_Work to be completed_
Output the listing verbatim, leaving out every picture.

_Given material_
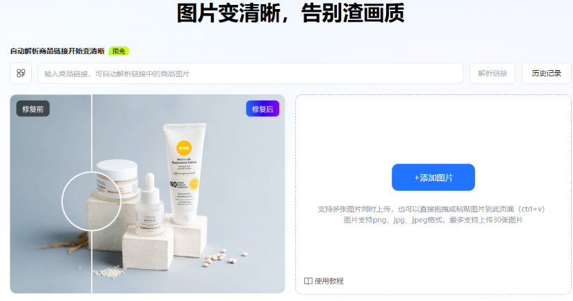 ①上传图片:进入图片变清晰页面后,点击【+添加图片】按钮上传模糊图片。
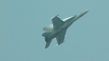 さて、米軍も存在感を示さなきゃね。アメリカ海軍のF/A-18Eがデモしました。機体はVFA-27。ご存知ですよね。
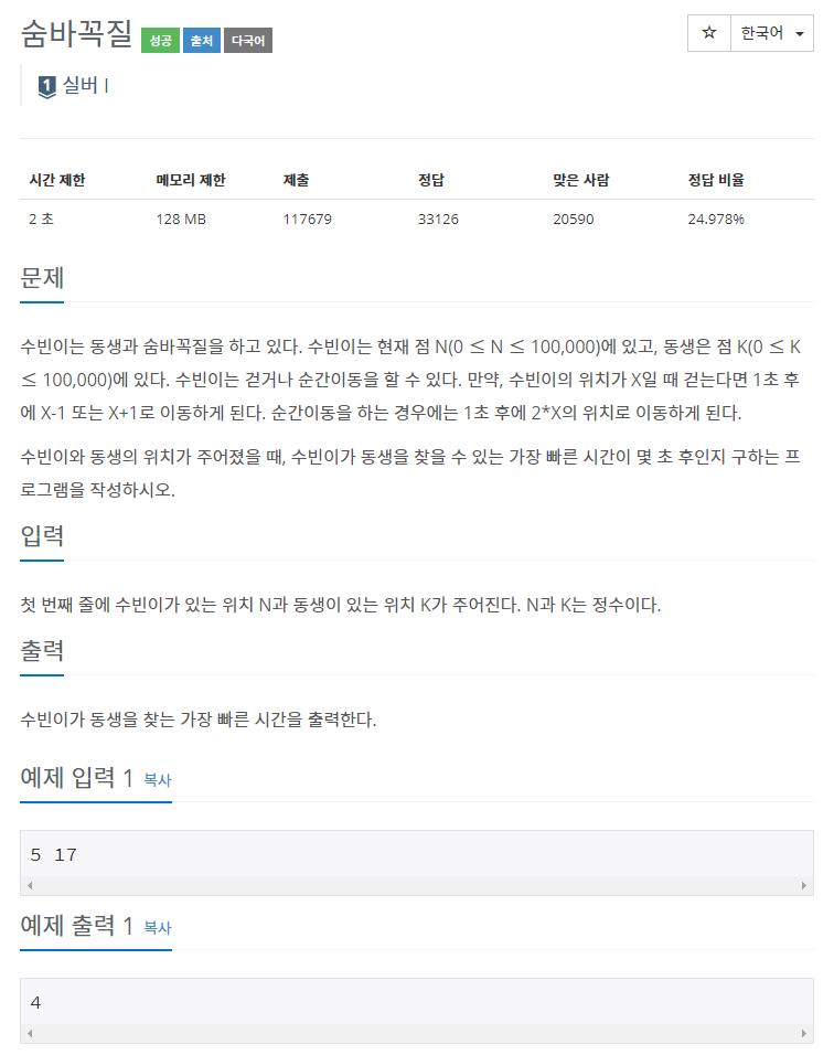 수빈이는 동생과 숨바꼭질을 하고 있다. 수빈이는 현재 점 N(0 ≤ N ≤ 100,000)에 있고, 동생은 점 K(0 ≤ K ≤ 100,000)에 있다. 수빈이는 걷거나 순간이동을 할 수 있다. 만약, 수빈이의 위치가 X일

_Expected answer_
 ①上传图片:进入图片变清晰页面后,点击【+添加图片】按钮上传模糊图片。
 さて、米軍も存在感を示さなきゃね。アメリカ海軍のF/A-18Eがデモしました。機体はVFA-27。ご存知ですよね。
 수빈이는 동생과 숨바꼭질을 하고 있다. 수빈이는 현재 점 N(0 ≤ N ≤ 100,000)에 있고, 동생은 점 K(0 ≤ K ≤ 100,000)에 있다. 수빈이는 걷거나 순간이동을 할 수 있다. 만약, 수빈이의 위치가 X일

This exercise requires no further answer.